My mother: Dark hair gone gray, she was born four years before women had the right to vote. A young woman during the depression, she defines the word conservative. Her view of the world is black and white with little in between.

Myself: Forty-five years old, blond and beleaguered, stretched thin between work and family, I reluctantly toss paper plates and plastic utensils into my grocery cart, and spend money on convenience items to shave fifteen or twenty minutes on food preparation. I see the world in many shades of gray, with some right and wrong in almost everything.

My daughter: Magenta streaked hair, she was born into a world of computers and technology. Fiercely independent, she sees the world in varying colors that will adjust to her views.

We are at Bag ‘N Save to buy groceries, and also to make my mother happy. She loves to grocery shop and has clipped a $2 coupon for each of us. The coupons can be used on either produce or ground meat. Seconds into the store, my daughter picks out a pomegranate for $1.98. My mother at first tsk tsks the choice, but then reconsiders. It is a pomegranate, and it is free. My mother is also using her coupon on produce. She surveys the fruits and vegetables, then flutters from display to display, alighting here and there for a bunch of celery, a garlic bulb, an apple, some bananas, a bunch of a parsley, sometimes exchanging something she’s picked out for a different item.

After she’s done, we continue through the grocery store, isle by isle. I use my coupon in the meat section which doesn’t require any thought. Somewhere in the dairy section we become a covert operation, with my mother referring to us by the free food we are getting with our coupons. As we emerge from frozen foods, my mother eyes the checkout counters. “We’ll send the pomegranate through first. Hamburger, you’ll go next.”

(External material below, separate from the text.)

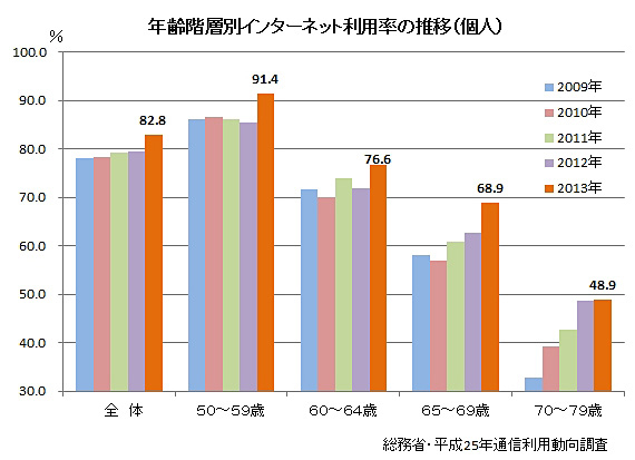 一方、総務省の「通信利用動向調査」によると、シニア層のインターネット利用率は、年を追うごとに拡大しており、「シニアでもインターネット」が、当たり前になってきている様子がよくわかる。シニアのインターネットの利用率は、それぞれの年齢で年を追うごとに広がる傾向が明確。全年齢層では直近2013年の利用率が82.8%だったのに対し、50歳代では91.4%と非常に高い結果になった。また、60歳台前半では76.6%と8割に近く、60歳代後半でも68.9%と7割に近い利用率まで拡大してきている。なかなかインターネットに縁遠そうな70歳代でも48.9%と、ほぼ半数がインターネットを利用しているのだ。

My mother is last, purchasing a plastic grocery sack of produce for a mere 14 cents. “You are the shopper of us all,” I tell her, and her granddaughter nods agreement. As we exit the store, my mother takes hold of the side of the cart, and her gait changes from that of an elderly woman to the successful child at an Easter Egg Hunt. Out in the parking lot, beams of pink and yellow light peek through the clouds, and I think to myself that even the sky has responded to my mother’s happiness.